TensorRT: Set layer precision still doesn't take effect in TensorRT 8.6.1.

Description

As I had reflected in this Skipping tactic 0x0000000000000000 due to Myelin error" degrade performance.,set layer precision may failed in TensorRT 8.4.3 due to the ConstShuffleFusion.

In these days, I try TensorRT 8.6.1, but it seems that setting layer precision may still fail due to the ConstShuffleFusion. For example, as show in the graph, the Max op take a const input named “phase0_tf/predict_node/y:0”, and the value seem to be fp16 subnormal, so I use set_precision api to set the layer (“phase0_tf/predict_node/y:0”) to fp32 explicitly. image

The verbose logs are as follows: image

When the fp16 subnormal is not set to fp32, the log are as follows, the layer “phase0_tf/predict_node/y:0 + (Unnamed Layer* 522) [Shuffle]” is fp16 precision: image image

However, when the fp16 subnormal is set to fp32, the layer “phase0_tf/predict_node/y:0 + (Unnamed Layer* 522) [Shuffle]” is still fp16. image

By the way, the ConstShuffleFusion produce two kind of layer, such as image image

image image

I am confused the differences.
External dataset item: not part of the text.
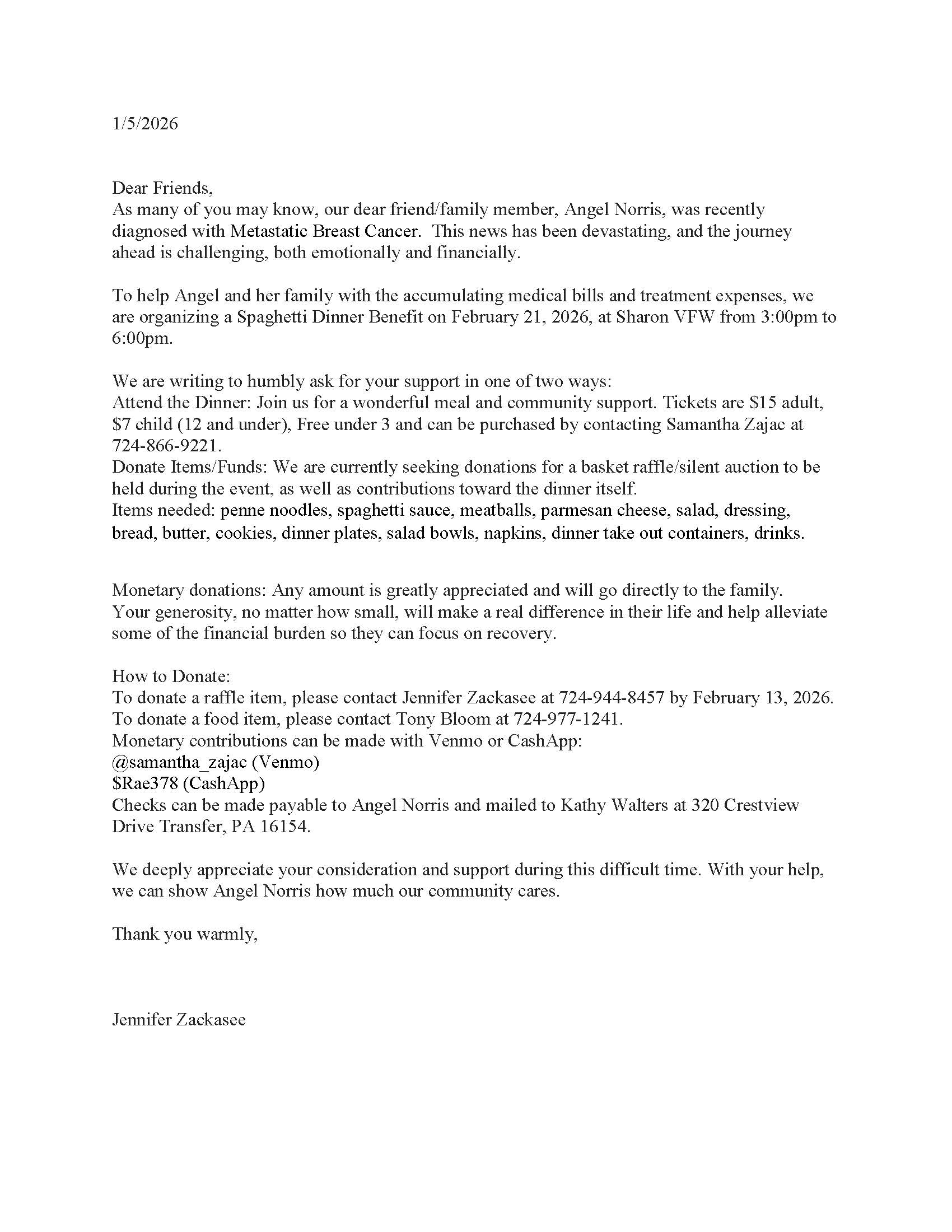Support Angel Spaghetti Dinner

Is that the reason set_precision fails of the layer “phase0_tf/predict_node/y:0”?

Looking forward to your reply. Thanks a lot!

Environment

TensorRT Version: 8.6.1

NVIDIA GPU: T4

NVIDIA Driver Version: 510

CUDA Version:12.0

CUDNN Version:

Operating System: Ubuntu20.04

Python Version (if applicable):

Tensorflow Version (if applicable): 1.4

PyTorch Version (if applicable):

Baremetal or Container (if so, version):

Relevant Files

Model link:

Steps To Reproduce

Commands or scripts:

Have you tried the latest release?:

Can this model run on other frameworks? For example run ONNX model with ONNXRuntime (polygraphy run <model.onnx> --onnxrt):

About this issue

  • Original URL
  • State: open
  • Created 10 months ago
  • Comments: 20

Most upvoted comments

Several things I would try:

  1. set the precision of the Concat op before the Max op to FP32 and also set the Concat’s output dtype (using set_output_type()) to FP32.
  2. If that doesn’t work, add a “Cast” op before Max to cast the Concat’s output to FP32, before feeding into Max.

On the right part of the image, it’s a myelin subgraph, is it possible that myelin already set the precision to FP32 but just didn’t print it in the log?

If the ForeignNode optimization is triggered, we do not have information about the detailed dtype info. We will need to use Nsys to look at it (or use --dumpLayerInfo --profilingVerbosity=detailed with latest TRT internal build).

I think the first thing we should do is to repro the accuracy difference between pure-FP32 and FP32+FP16.